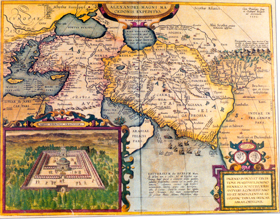 This map shows the area where Alexander the Great made his conquests, beginning in Egypt, where the Ammon-Jupiter oracle (see lower left) welcomed him as "Son of Zeus" and predicted a great future for him. The numerous cities in Persia called Alexandria which he founded are also shown.
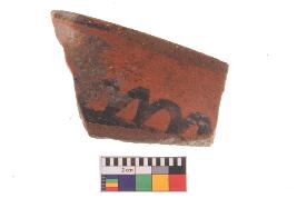 | Description / विवरण | Specimen of potsherd with black decorative geometric painting, Type Black on Red Ware . |
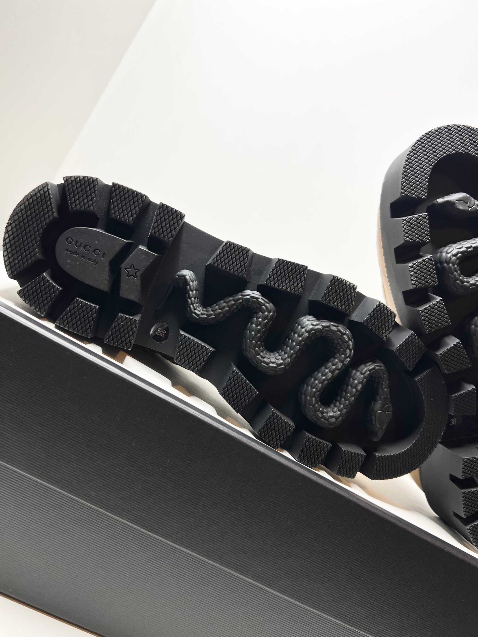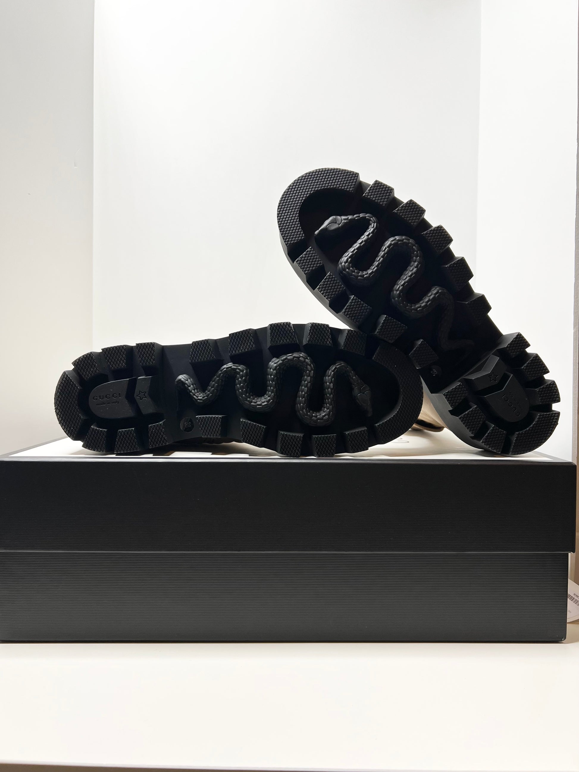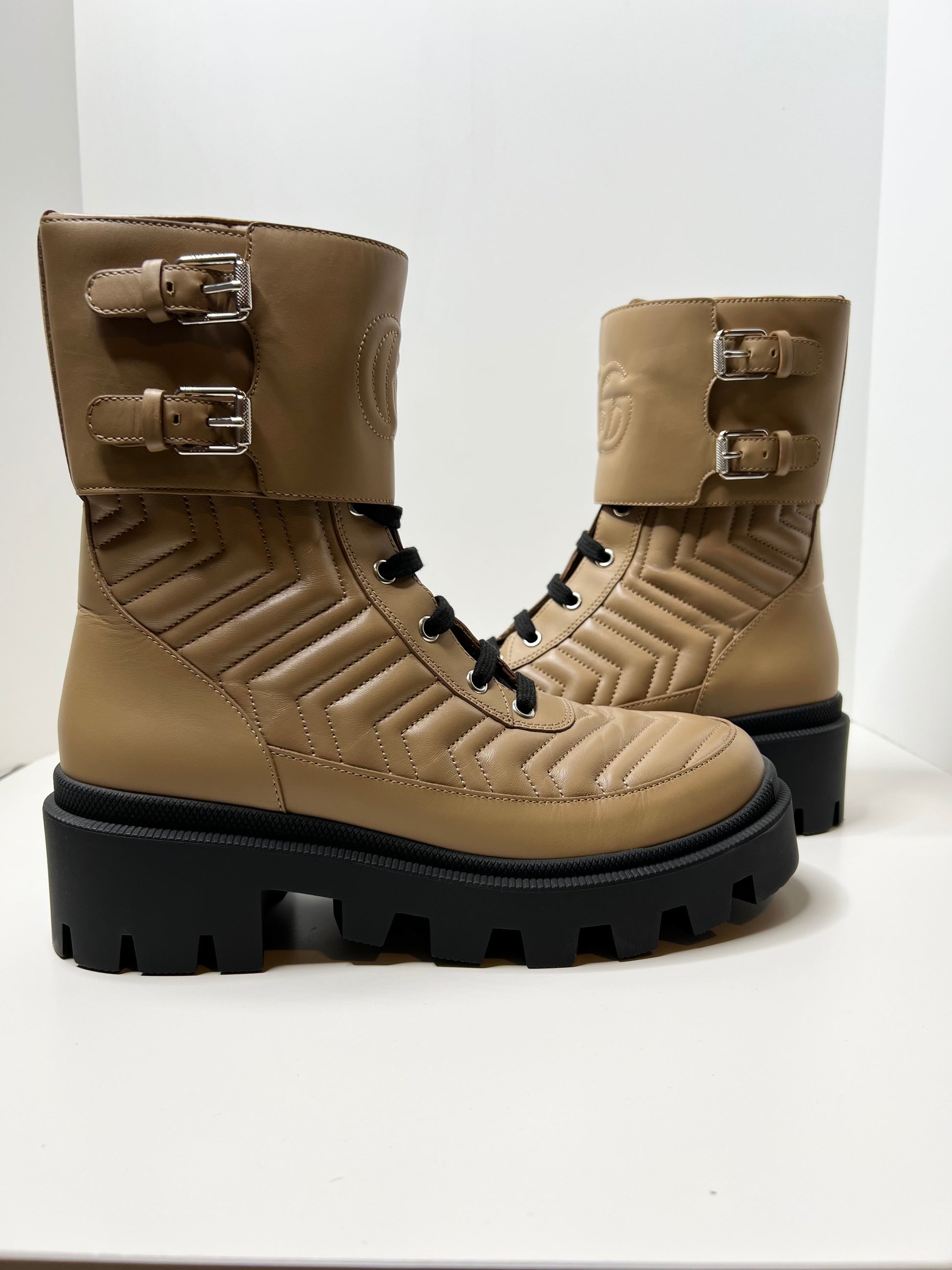 - Chevron matelassè design, lug sole, interlocking G stitched detailing, front buckle

• _What is required_:
Word for word, restate the whole listing and drop the images.

• _Exercise result_:
 This map shows the area where Alexander the Great made his conquests, beginning in Egypt, where the Ammon-Jupiter oracle (see lower left) welcomed him as "Son of Zeus" and predicted a great future for him. The numerous cities in Persia called Alexandria which he founded are also shown.
 | Description / विवरण | Specimen of potsherd with black decorative geometric painting, Type Black on Red Ware . |
 - Chevron matelassè design, lug sole, interlocking G stitched detailing, front buckle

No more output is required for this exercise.